C'erano alcuni storici che ritenevano che la Morte Nera non avesse ucciso tante persone quante risultava dai resoconti dell'epoca. Il Signor Gilchrist era dell'idea che quelle statistiche fossero state abbondantemente esagerate a causa della paura e della mancanza di cultura, e che anche se erano esatte la peste non potesse aver ucciso più della metà della popolazione di ogni villaggio. In alcuni c'erano stati soltanto un paio di casi, in altri non era addirittura morto nessuno.
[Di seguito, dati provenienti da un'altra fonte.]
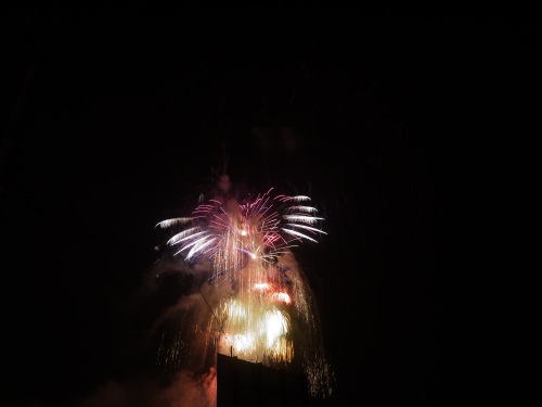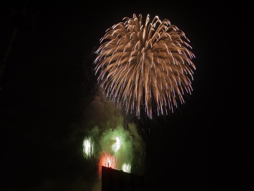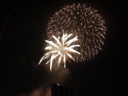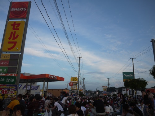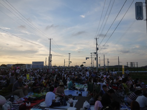 福島空港の着陸が遅れているという事で花火大会も始まるのが遅れるアナウンス。

Loro avevano isolato il segretario non appena si erano resi conto della natura del suo male, e lei era riuscita ad evitare che Roche gli si avvicinasse troppo e più del dovuto. Avevano preso ogni precauzione e il male non si era trasformato nella forma polmonare, quindi forse quanto avevano fatto era sufficiente ed erano intervenuti in tempo. Doveva dire a Roche che era necessario isolare il villaggio e impedire a chiunque altro di entrarvi, così forse la peste li avrebbe evitati. Era una cosa che in alcuni posti era stata fatta. Interi villaggi erano rimasti intatti e c'erano state parti della Scozia dove la peste non era giunta affatto.
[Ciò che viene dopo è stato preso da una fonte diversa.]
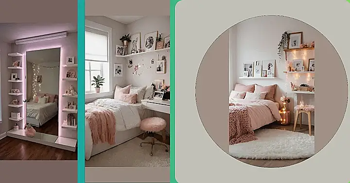 Beyond the epic mirror, this room is a masterclass in cozy chic. Those stacked shelves are the perfect stage for all your treasures, from adorable stuffed animals that still spark joy to framed pictures of your squad. It’s organized without being boring, letting your personality shine through every little detail. With the soft pink and white vibes, plus that inviting bed, this space is basically begging you to curl up with a good book, binge-watch your favorite show, or host a marathon gossip session with your best friends. It’s the ultimate hangout spot that’s totally stylish and uniquely yours.

Dovette assopirsi ancora perché quando si svegliò di nuovo il cielo cominciava a rischiararsi e Roche se n'era andato. Guardò in direzione del letto, su cui il segretario giaceva perfettamente immobile con gli occhi sgranati e fissi, e per un momento suppose che fosse morto e che Roche fosse andato a scavargli la tomba, ma nel momento stesso in cui formulava quel pensiero si accorse che le coltri si abbassavano e si alzavano sopra il suo petto. Gli controllò il polso, che risultò veloce e tanto debole che quasi non si percepiva.

Poi la campana cominciò a rintoccare e lei si rese conto che Roche era andato a suonare il mattutino. Tirandosi la maschera sul naso e sulla bocca si chinò sul letto.
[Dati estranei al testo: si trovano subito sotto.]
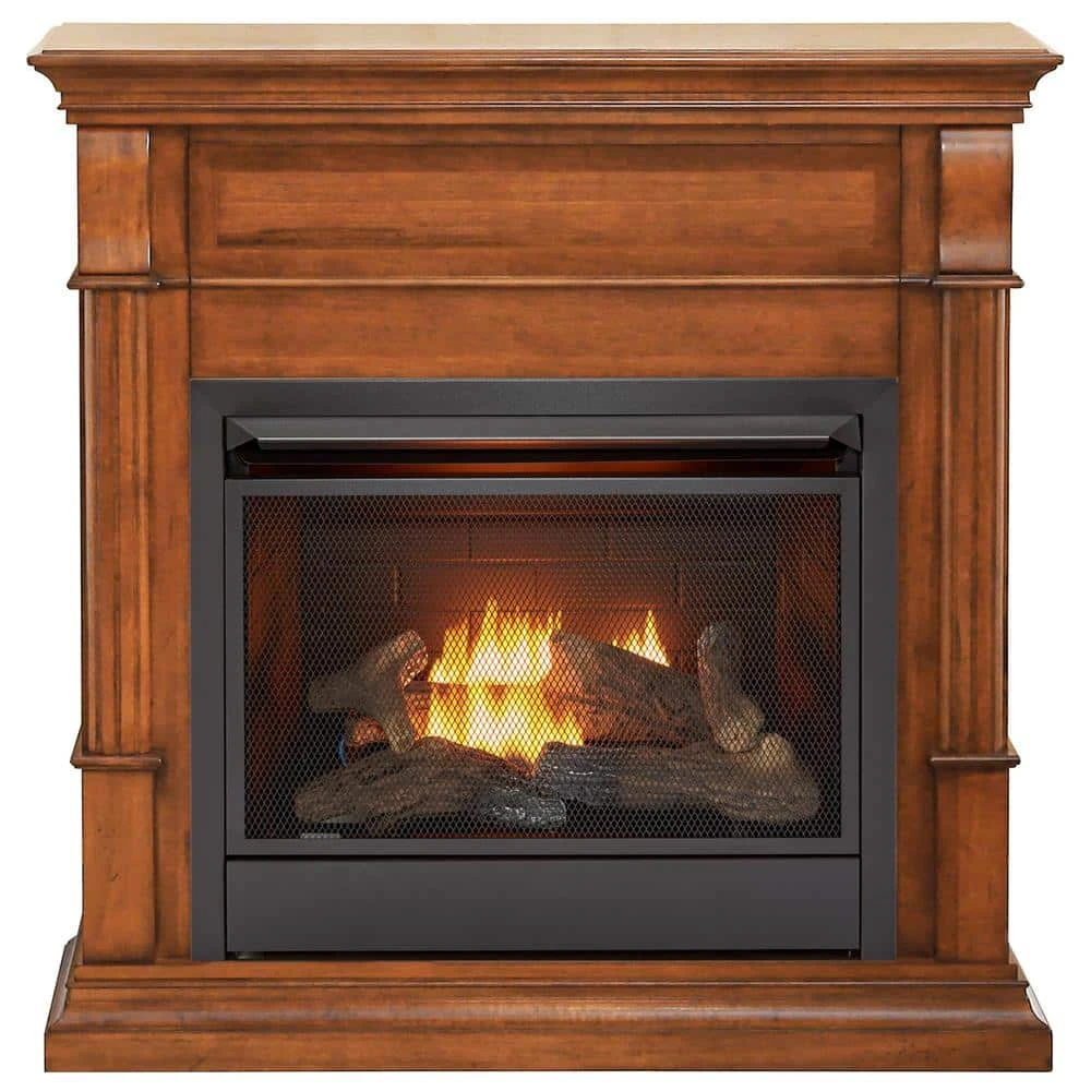 The Duluth Forge Dual Fuel Ventless Fireplace is an excellent alternative to traditional wood fireplaces. Since they do not require an outside duct or chimney, they can be placed almost anywhere within your home. These economical, efficient fireplace systems provide your family with the supplemental heat you seek, without sacrificing style or ambiance. The product is made to produce up to 26,000 BTU of heat, enough to heat 1,350 sq. ft. of living space. Our state-of-the-art ventless fireplace insert features a remote control, battery assisted ignition, and much more. The fireplace mantel has been carefully designed and created in an apple spice furniture grade finish that accents its quality and excellence. The fireplace insert provides a beautiful and realistic flame pattern with realistic fiber ceramic logs for a stunning experience and impression of real wood burning fireplace to your home.

— Padre — chiamò in tono sommesso, ma il segretario non mostrò di averla sentita.

Gli posò una mano sulla fronte e scoprì che la febbre era salita di nuovo e che la pelle non dava al tatto una sensazione normale ma risultava secca e fragile, mentre le emorragie sottocutanee sulle braccia e sulle gambe si erano scurite e allargate. La lingua gonfia sporgeva fra i denti, orribilmente purpurea.

Il malato aveva un odore terribile e nauseante che trapelava attraverso la maschera. Arrampicatasi sul sedile della finestra Kivrin sciolse i lacci del telo di lino incerato: l'aria fresca, tagliente e limpida, aveva un profumo meraviglioso che la invogliò a protendersi oltre il davanzale per respirare a fondo.

Nel cortile non c'era nessuno, ma mentre lei era intenta ad assaporare l'aria fredda e limpida Padre Roche apparve sulla porta della cucina con in mano una ciotola piena di qualcosa che fumava e si avviò attraverso il cortile lastricato in direzione della porta del maniero. Eliwys apparve sulla soglia in quel momento e disse qualcosa al prete, che accennò ad andarle incontro ma poi si fermò e tirò su la maschera prima di risponderle.